With hospital reimbursements increasingly tied to performance on quality measures, some hospitals have faced financial penalties for lower quality scores. It is clearly time for deeper and more strategic relationships between Quality and Finance leaders in healthcare organizations. Joseph Fifer, the recently retired President and CEO of the Healthcare Financial Management Association and Stephanie Mercado, CEO and Executive Director of the National Association for Healthcare Quality authored an op-ed piece for Modern Healthcare that advocated for a bi-directional relationship between these two critical functions.

 

Historical Models of Healthcare Quality and Finance No Longer Work

Older models for healthcare quality and finance had siloed functions and primarily reactive approaches. Fifer and Mercado encouraged readers to collaborate to change the status quo.

The authors pointed out the critical financial, workforce, quality and safety issues facing today’s healthcare leaders and the importance of solutions that promote systemic and sustainable change. Those kinds of changes are most likely to emerge from new strategic relationships between quality and finance leaders. Going forward, quality will have an increasing impact on finance meaning that solutions that can enhance patient safety, reduce risk, and ensure competence matter more than ever in the current healthcare environment.

 

High-Quality Care Is More Cost-Effective Care 

Fifer and Mercado cited the May 2022 report from the Health and Human Services Department’s Office of the Inspector General which found that 1 in 4 hospitalized Medicare patients experienced some type of harm in October of 2018. Nearly a quarter of those events resulted in additional costs to Medicare.

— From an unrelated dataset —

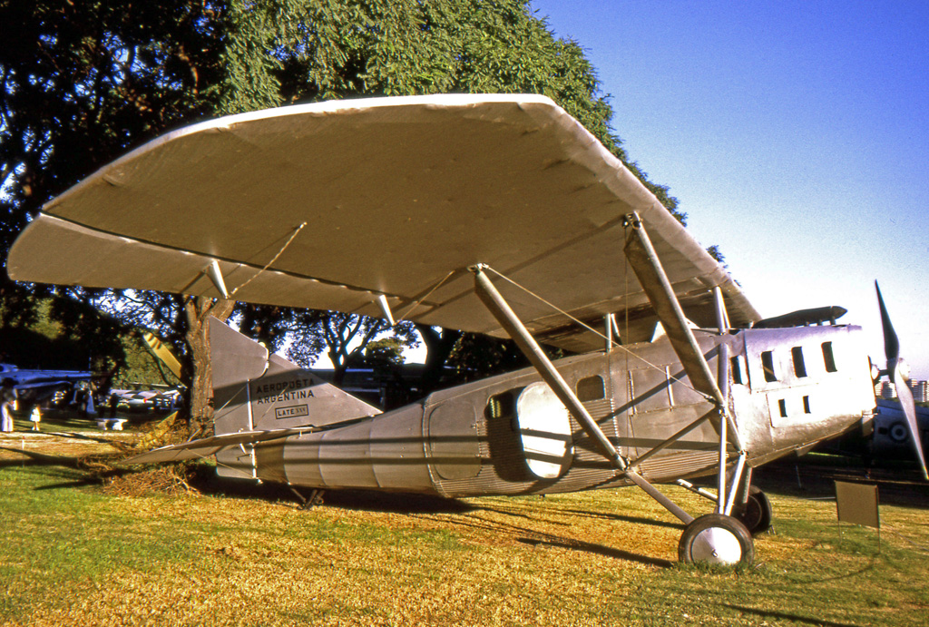 Latecoere 25 3R LV-EAB in the markings of Aeroposta Argentina exhibited in the museum at Buenos Aires Aeroparque in 1975.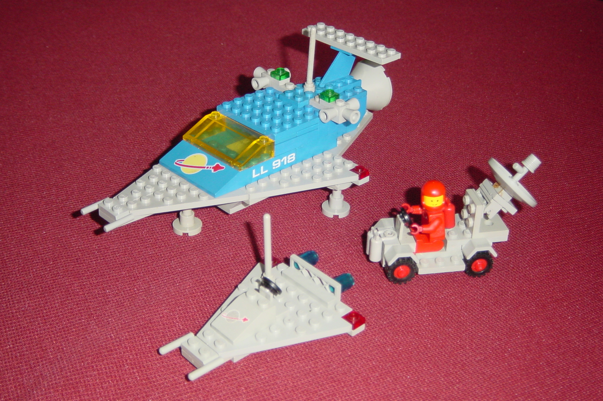 A playset from LEGO Classic Space, displayed on a red background

Perhaps most alarming was a finding from physician reviewers that found that 43% of those events were preventable. This example makes it clear that the perceived choice between delivering high quality patient care and cutting costs is actually a false one.

 

Protecting Quality Infrastructures

There are many potential obstacles to creating this kind of partnership, including a relatively regular phenomenon in healthcare – mergers and acquisitions. When mergers and acquisitions happen without sufficient thought to how to merge the quality and finance functions, the result can be an organization with highly variable processes for both quality and finance.

The National Association for Healthcare Quality has created a robust benchmarking tool. While peer-to-peer benchmarking can be useful, organizations like the Cleveland Clinic have used it to develop a better understanding of the organization’s investments across a large number of sites while measuring variability and then using that data to better allocate resources to quality.

 

Quality Improvement and the Social Determinants of Health

Recently healthcare organizations have begun to pay more attention to the social determinants of the health of the communities they serve.  The Healthcare Financial Management Association cited insights from Maryland’s Health Enterprise Zone which demonstrated that collaboration between healthcare providers, community service agencies and local governments can improve healthcare quality by working to mitigate certain social factors. In its’ final year, the project resulted in a 47% reduction in hospital visits and a 37% reduction in per-patient hospital charges. Partnerships such as this can change the health of the community and contribute to strong financial performance.